→ **Extracted material**
+ + + + +
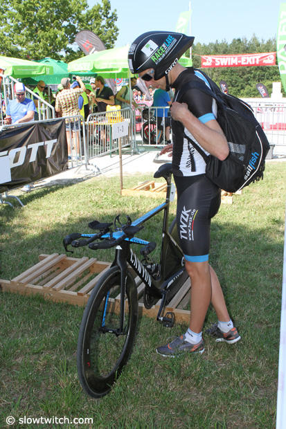 The flow of athletes was steady but not overwhelming. Lots of age groupers showed up in regular road or aero helmets for a race day that promises to be hot.
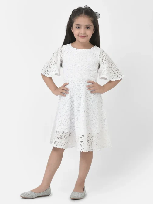 Eavan Girls White Embroidered Dress made from net fabric, short sleeves having round neck, 2023 Summer Collection. Material care-Hand wash only
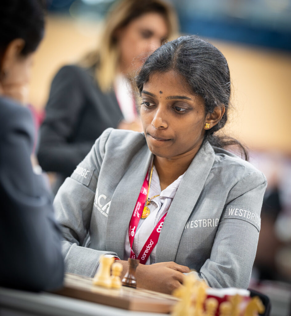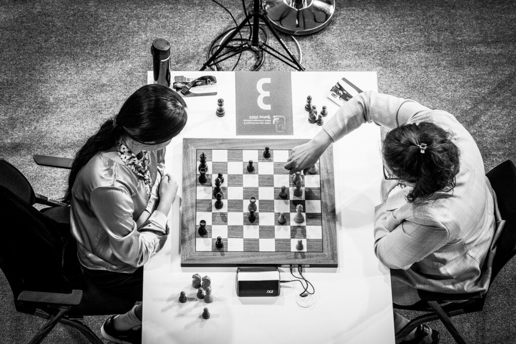 Die Inderin Vaishali hatte in der dritten Runde mit Tan Zhongyi eine der Mitfavoritinnen geschlagen und sie hatte mit drei Punkten aus drei Partien einen sehr guten Start erwischt. Gegen die Ukrainerin und Ex-Weltmeisterin Mariya Muzychuk hatte Vaishali eine Gewinnstellung und patzte sogar noch gröber als ihr Bruder eine Runde später.
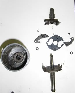 Now with needle nose pliers unhook the weight springs and pull the advance mechanism off the shaft. Another thing I do is put everything in the orientation I pulled it off. Remove the E clips, remove the weights, SUPER carefully remove the washers and finally just as carefully remove the plastic gasket.
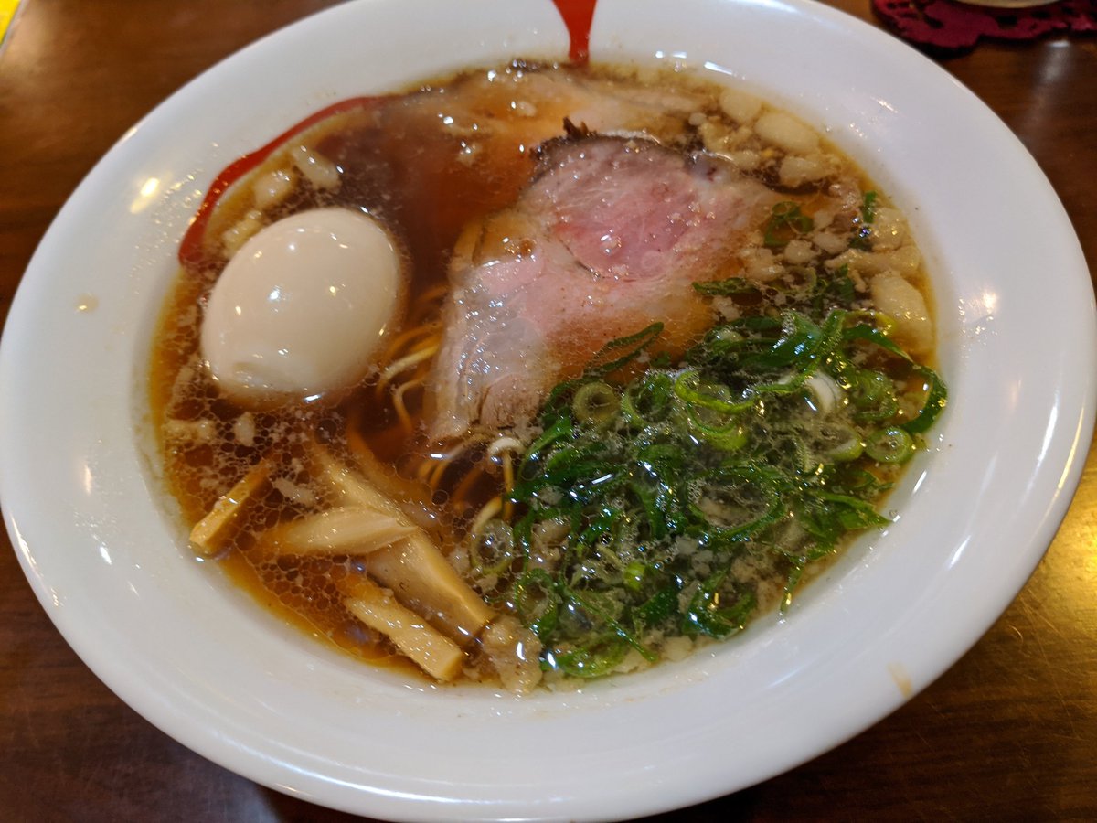 It was pretty good, it uses flat, noodles, shoyu with some fish component and I think chicken for broth and some fat chunks just chilling
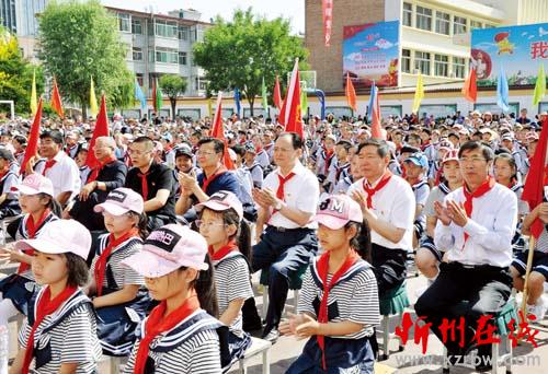 6月1日上午,李俊明來到忻州市七一路小學(xué)。寓教歌舞書畫,寄情德智體美,七一路小學(xué)先后被評為“全國語言文字規(guī)范化示范校”、“ 國家級規(guī)范漢字書寫教育特色學(xué)?!?、“國家級語言教改實(shí)驗(yàn)?!?、“國家級美術(shù)教育先進(jìn)學(xué)?!?。李俊明仔細(xì)察看學(xué)生書法作品,翻閱教師教案和學(xué)生作業(yè),了解學(xué)科教學(xué)創(chuàng)新舉措。響應(yīng)學(xué)校號召,李俊明在“手接手心連心,共創(chuàng)文明城市”倡議書上簽名助陣,與小學(xué)生們一起將心愿卡貼上心愿樹,同參加慶?;顒拥膶W(xué)生家長們親切交談,了解孩子們的學(xué)習(xí)情況。學(xué)校以“ 新時代,新夢想,新召喚”為主題慶?!傲弧保羁∶飨瞪霞t領(lǐng)巾,與小朋友們一起觀看文藝展演節(jié)目。
+ + + + +
Return all of the material above unchanged, minus its pictures.

 The flow of athletes was steady but not overwhelming. Lots of age groupers showed up in regular road or aero helmets for a race day that promises to be hot.
 Eavan Girls White Embroidered Dress made from net fabric, short sleeves having round neck, 2023 Summer Collection. Material care-Hand wash only
 Die Inderin Vaishali hatte in der dritten Runde mit Tan Zhongyi eine der Mitfavoritinnen geschlagen und sie hatte mit drei Punkten aus drei Partien einen sehr guten Start erwischt. Gegen die Ukrainerin und Ex-Weltmeisterin Mariya Muzychuk hatte Vaishali eine Gewinnstellung und patzte sogar noch gröber als ihr Bruder eine Runde später.
 Now with needle nose pliers unhook the weight springs and pull the advance mechanism off the shaft. Another thing I do is put everything in the orientation I pulled it off. Remove the E clips, remove the weights, SUPER carefully remove the washers and finally just as carefully remove the plastic gasket.
 It was pretty good, it uses flat, noodles, shoyu with some fish component and I think chicken for broth and some fat chunks just chilling
 6月1日上午,李俊明來到忻州市七一路小學(xué)。寓教歌舞書畫,寄情德智體美,七一路小學(xué)先后被評為“全國語言文字規(guī)范化示范校”、“ 國家級規(guī)范漢字書寫教育特色學(xué)?!?、“國家級語言教改實(shí)驗(yàn)?!?、“國家級美術(shù)教育先進(jìn)學(xué)?!?。李俊明仔細(xì)察看學(xué)生書法作品,翻閱教師教案和學(xué)生作業(yè),了解學(xué)科教學(xué)創(chuàng)新舉措。響應(yīng)學(xué)校號召,李俊明在“手接手心連心,共創(chuàng)文明城市”倡議書上簽名助陣,與小學(xué)生們一起將心愿卡貼上心愿樹,同參加慶?;顒拥膶W(xué)生家長們親切交談,了解孩子們的學(xué)習(xí)情況。學(xué)校以“ 新時代,新夢想,新召喚”為主題慶?!傲弧保羁∶飨瞪霞t領(lǐng)巾,與小朋友們一起觀看文藝展演節(jié)目。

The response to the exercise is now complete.